The Orphanage

My grandfather remembers his short time at the orphanage. The bleak skies and the chill winds blowing up the hill from the sea; he told me he never once felt warm. There was never any wood for the stoves. There weren’t enough blankets for the children. At night they would fight to get a blanket each; friends would share one but the weaker kids would shiver and cry through the night.

My grandfather would spend many hours in the surrounding woods, tracking animals, watching the birds and learning their calls. All too often he would return late for lessons and the Matron would beat him with a bamboo cane. He didn’t care. The lessons were ordeals and he would rather be outdoors.

One Autumn evening, as he approached the building, he knew he was late as he could see the lamps lit in the window. But he could hear no chatter of the children, nor the Matron’s boorish voice barking orders. The orphanage was silent.

He crept in the side door, and made his way down the corridor to the main hall where meals and lessons were held.

He opened the door to see the tables set, bowls of thin oatmeal and pieces of bread untouched throughout the hall. The Matron and the cook lay on the floor, their bodies twisted grotesquely.

He ran outside, gasping in panic.
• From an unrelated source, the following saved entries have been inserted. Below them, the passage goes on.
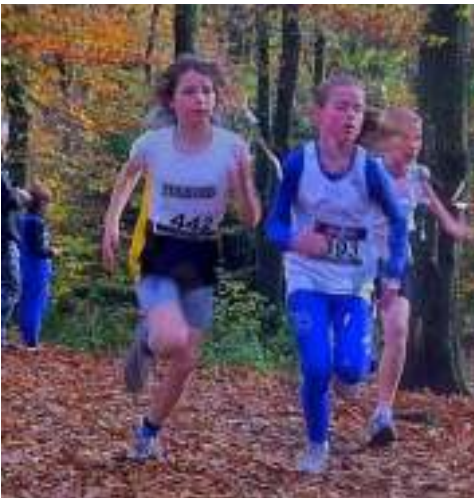
Heuvelop door een echt herfstbos

Iedereen kwam met een tevreden gevoel over de finish.
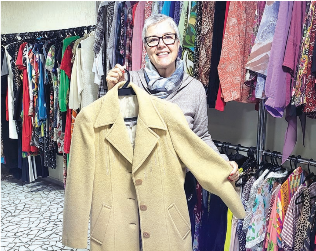
As doações serão recebidas sempre às quartas-feiras no hospital

A iniciativa tem dupla importância: contribui financeiramente para o Hos-
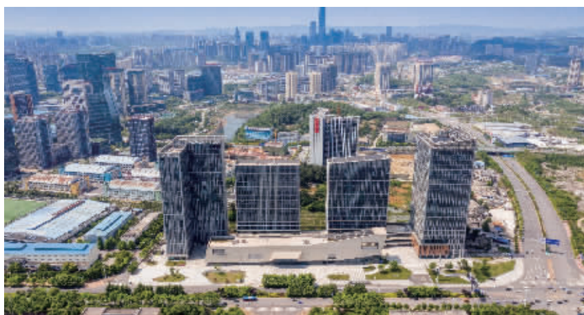
图为：阳光城·启航中心项目

该项目定位为贵阳融媒文化创意产业园，以文化为核心，以科技为重点，以旅游、金融、旅游、网络金融等产业，积极推进“文化、科
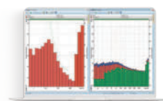
SF 307_3 Frequenzanalyse im Terz- und Oktavband

Through the dim evening light, almost out of view, he saw movement towards the edge of the woods.

It was a procession of children, in single file, marching perfectly together into the trees.

Leading the procession was a figure, a thin outline in black. Too tall to be a person. It looked like a performer on stilts, but stilts didn’t move like that, twisting and serpentine. It didn’t look real.

The figure disappeared into the woods and the children followed.

My Grandfather ran, not stopping until dawn.

I knew one day I would find the orphanage to see it for myself. When I was ready.